Editor's Note: Vaclav Masek Sánchez received his master's degree at the Center for Latin American and Caribbean Studies (CLACS) of the University of New York (NYU), where he is currently an assistant instructor. His academic research focuses on political histories in Central America.

(CNN Spanish) - Although recent social convulsions are concentrated in South America, the effervescence in Guatemala, Honduras and especially Nicaragua would point to the region being the next to reach a turning point.

In some areas, the scenarios in each country would represent an aberration for any Latin American currently involved in a struggle for democratic ideals and for equality. But the gross political leadership continues to test the indignation capacity of Central Americans.

And it is that the facts in the region, which have already been a status quo for most of the decade, refer to passages of literary fiction.

In Guatemala, the outgoing government, which will be remembered as one of the worst in history, continues to enjoy the long transition period to save its own skin by performing circus gestures in the legislature.

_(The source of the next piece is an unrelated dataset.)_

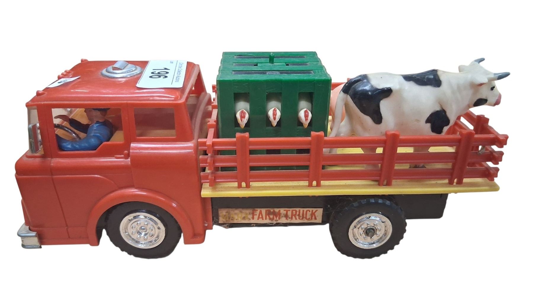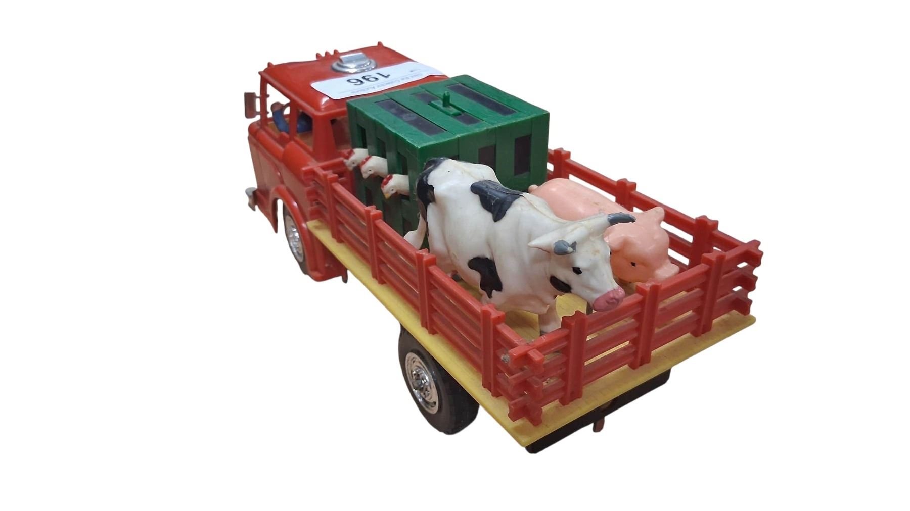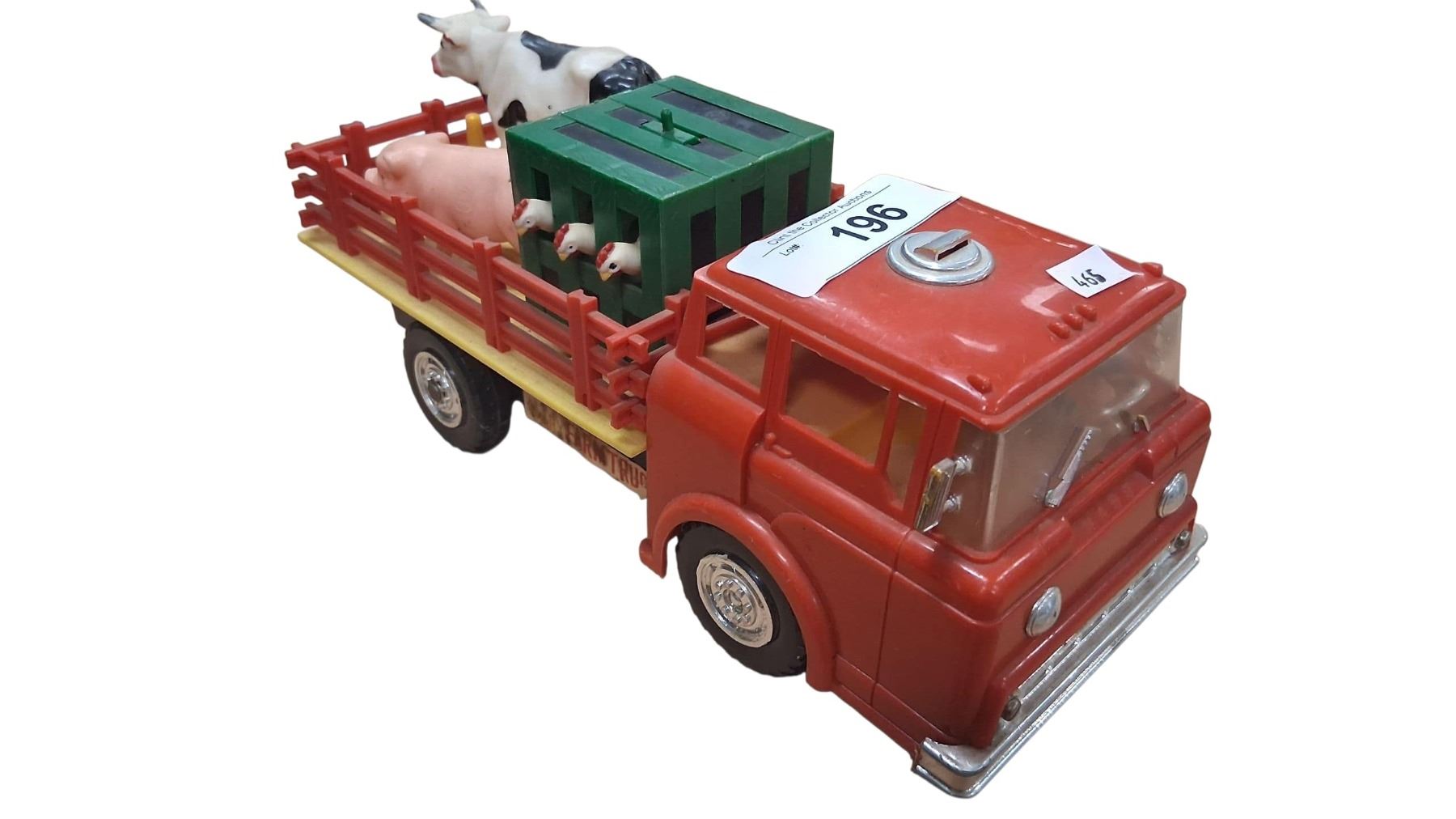 Vintage 60s toy farm truck with animals, nice condition 11"

As if the wait has not been destructive enough for the few advances made in the last decade, a group of deputies from multiple benches — a disastrous amalgam of bursts, dinosaurs and incompetent — intends to amend the laws to protect themselves from any investigation against them . In passing, they would leave a legal vacuum for organized crime to operate freely. Scammers, extortionists and deputies, the only winners of the impunity regime that is reestablished de facto and de jure in the country.

Meanwhile, the bill left by the Jimmy Morales administration is an intergenerational social debt. The rate of chronic childhood malnutrition increased, between 2018 and October 2019, in 18 of the 22 departments of Guatemala.

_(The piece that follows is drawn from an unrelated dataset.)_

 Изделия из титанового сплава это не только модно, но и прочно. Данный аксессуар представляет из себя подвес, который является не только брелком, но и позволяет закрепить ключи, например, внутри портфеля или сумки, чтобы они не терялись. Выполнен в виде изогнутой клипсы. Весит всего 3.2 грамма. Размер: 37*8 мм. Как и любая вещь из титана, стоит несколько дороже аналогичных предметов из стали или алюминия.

Children in the interior of the country are starving and if they survive, they work since they were little in the countryside. In the worst case, they take their lives from labor pressures, as did Fredy Oswaldo Xicol Caal, a 9-year-old boy, at a coffee farm in Baja Verapaz.

In El Salvador, where the rates of violence continue to decline and the president's approval remains outstanding, suspicions begin to emerge. What has Bukele done to achieve this? The homicide rate in the country has progressively decreased since the young president took over and implemented the Territorial Control Plan, which will invest US $ 31 million in police operations in El Salvador.

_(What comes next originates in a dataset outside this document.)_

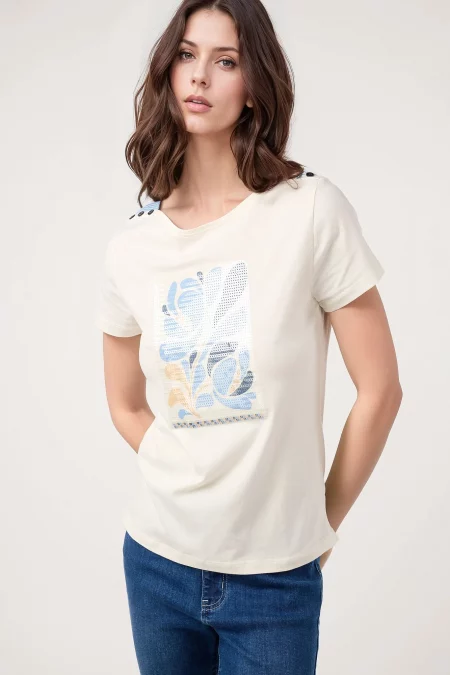 Camiseta flor tachas

And as the chronicler Óscar Martínez mentions in his recent column of El País, Salvadorans ask the security cabinet “mano dura, minister; hard hand president. ”

With just five months, Bukele's government is indescribable from a technical point of view. Clearly, he opposes the Bolivarianism of the past decade and courts with Washington, managing to agree with the Trump administration a modest extension for Salvadoran Tepesians. Its level of conservatism will be evident in issues such as poor protection for the LGTBQ community, farmers and human rights defenders.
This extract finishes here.